_Task instructions_: When you retype the records that follow, keep each word as it is and drop any pictures.
---
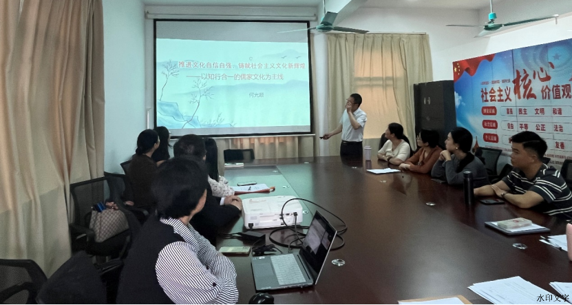 何教授的分享围绕建设具有强大凝聚力和隐藏力的社会主义意识形态、广泛践行社会主义核心价值观、提高全社会文明程度、繁荣发展文化事业和文化产业、增强中华文明传播力影响力五个方面展开分享。何教授以知行合一的儒家文化为主线,引经据典,深刻而又形象的给我们讲解了文化对于一个国家和民族的重要性。
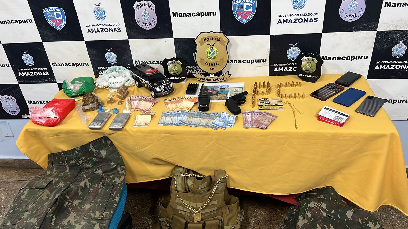 “Durante buscas na residência do indivíduo, apreendemos porções grandes de diversos entorpecentes, como maconha, pedra e cocaína, além de armas de fogo, munições, rádio transmissor, balança de precisão, colete a prova de balas, bem como uma roupa rajada semelhante à de militar”, falou.
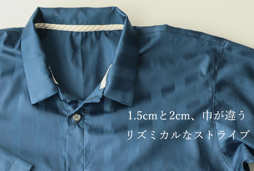 ラグジュアリーな雰囲気を演出するサテン織り(朱子織)は経糸と偉糸の交差する点をなるべく目立たぬように、さらにところどころを長く浮かせた織り方をすることで、平織などと比べ、光沢が出るので、ホテルのパジャマやリネンでよく使用さています。サテン織りとローン(平織)の幅をかえて、交互に織り上げたリズミカルなストライプは、光の加減によって複雑にみえ、大変高級感があります。シルクのようにギラギラしすぎない上品な光沢が魅力の綿サテンは、寝返りしやすく、パジャマにおすすめの素材です。
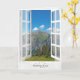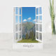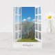 Open window and sheer curtains view of Austrian Alps mountain scene for thinking of you.
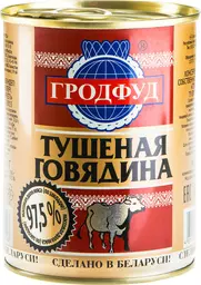 Говядина кусковая Гродфуд тушёная в собственном соку, 338г
---
_Exercise result_:
 何教授的分享围绕建设具有强大凝聚力和隐藏力的社会主义意识形态、广泛践行社会主义核心价值观、提高全社会文明程度、繁荣发展文化事业和文化产业、增强中华文明传播力影响力五个方面展开分享。何教授以知行合一的儒家文化为主线,引经据典,深刻而又形象的给我们讲解了文化对于一个国家和民族的重要性。
 “Durante buscas na residência do indivíduo, apreendemos porções grandes de diversos entorpecentes, como maconha, pedra e cocaína, além de armas de fogo, munições, rádio transmissor, balança de precisão, colete a prova de balas, bem como uma roupa rajada semelhante à de militar”, falou.
 ラグジュアリーな雰囲気を演出するサテン織り(朱子織)は経糸と偉糸の交差する点をなるべく目立たぬように、さらにところどころを長く浮かせた織り方をすることで、平織などと比べ、光沢が出るので、ホテルのパジャマやリネンでよく使用さています。サテン織りとローン(平織)の幅をかえて、交互に織り上げたリズミカルなストライプは、光の加減によって複雑にみえ、大変高級感があります。シルクのようにギラギラしすぎない上品な光沢が魅力の綿サテンは、寝返りしやすく、パジャマにおすすめの素材です。
 Open window and sheer curtains view of Austrian Alps mountain scene for thinking of you.
 Говядина кусковая Гродфуд тушёная в собственном соку, 338г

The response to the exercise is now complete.